Poirot bowed his head gravely in acknowledgement. He was silent for a moment or two, then he said:

‘I must pose to you a serious question, and reflect before you answer it. Do you think that this girl had really seen a murder? Or do you think that she merely believed that she had seen a murder?’

‘The first, I think,’ said Mrs Oliver. ‘I didn’t at the time. I just thought that she was vaguely remembering something she had once seen and was working it up to make it sound important and exciting. She became very vehement, saying, “I did see it, I tell you.
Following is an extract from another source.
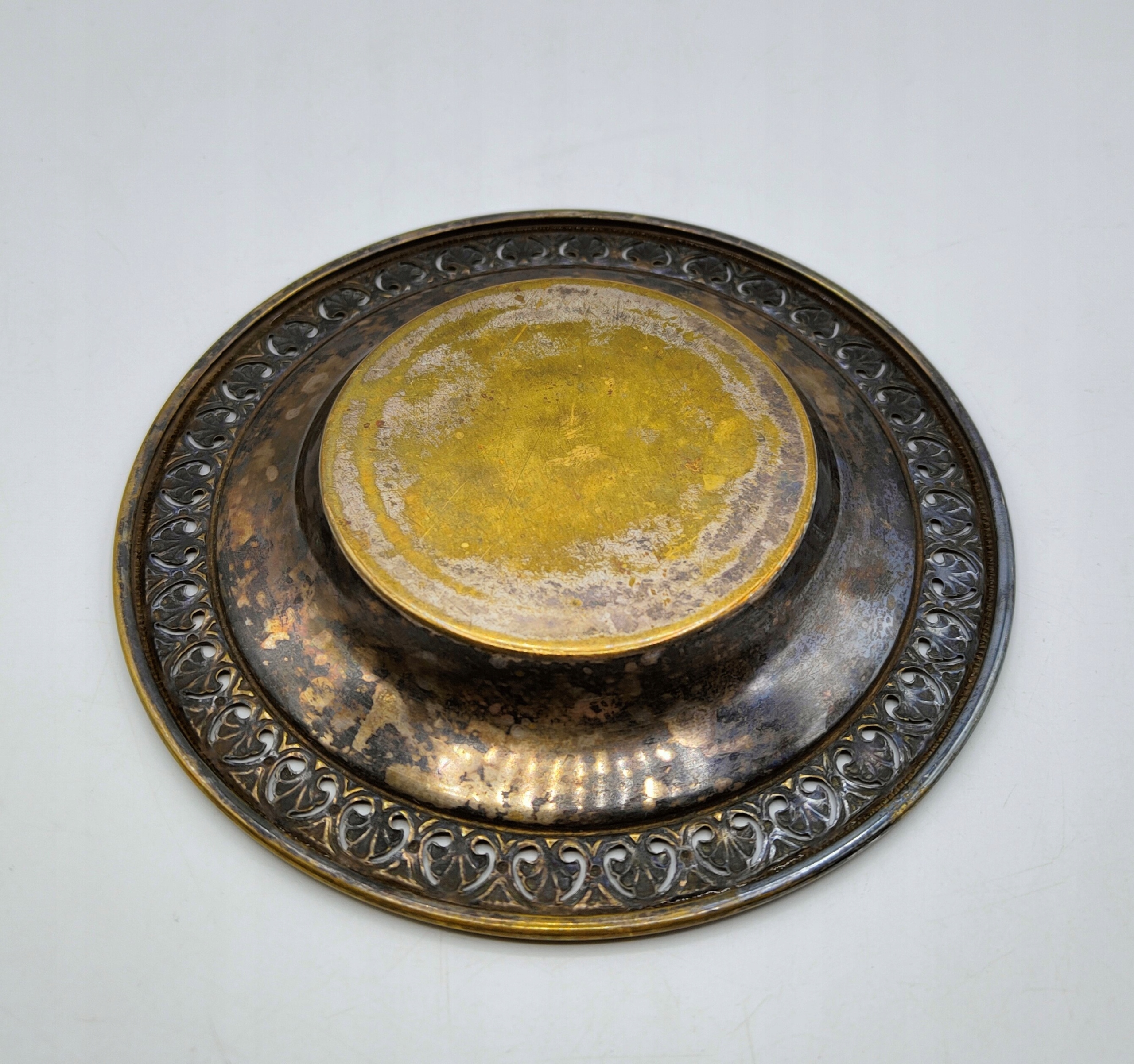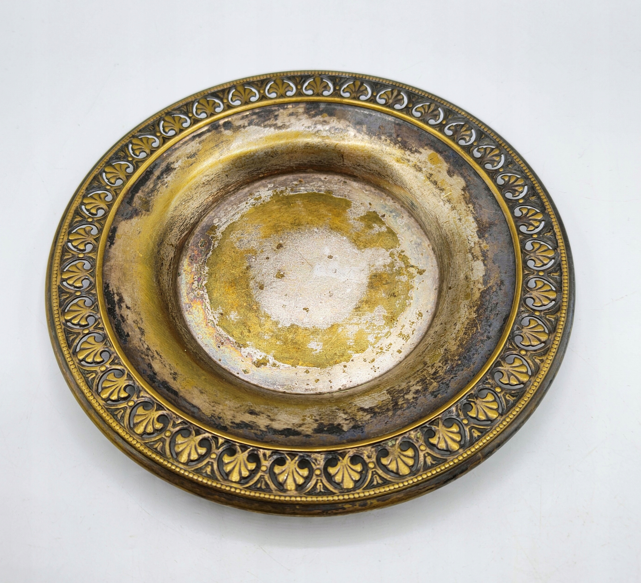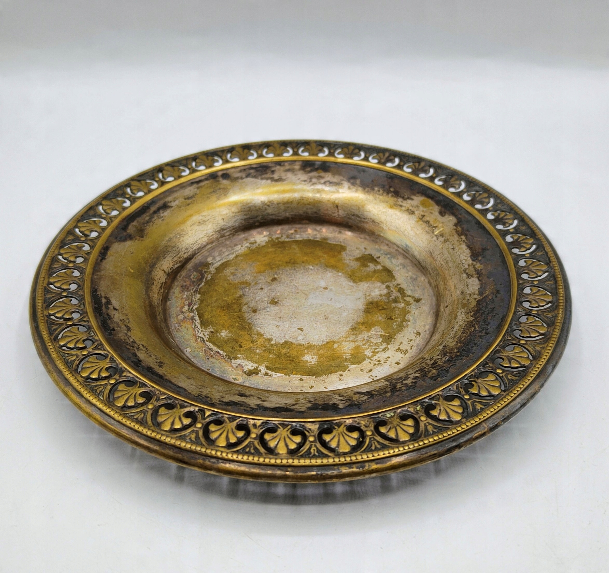 Ażurowy TALERZ platerowany STARY widać już mosiądz

I did see it happen”.’

‘And so.’

‘And so I’ve come along to you,’ said Mrs Oliver, ‘because the only way her death makes sense is that there really was a murder and that she was a witness to it.’

‘That would involve certain things. It would involve that one of the people who were at the party committed the murder, and that that same person must also have been there earlier that day and have heard what Joyce said.’

‘You don’t think I’m just imagining things, do you?’ said Mrs Oliver. ‘Do you think that it is all just my very far-fetched imagination?’

‘A girl was murdered,’ said Poirot. ‘Murdered by someone who had strength enough to hold her head down in a bucket of water. An ugly murder and a murder that was committed with what we might call, no time to lose. Somebody was threatened, and whoever it was struck as soon as it was humanly possible.’

‘Joyce could not have known who it was who did the murder she saw,’ said Mrs Oliver. ‘I mean she wouldn’t have said what she did if there was someone actually in the room who was concerned.’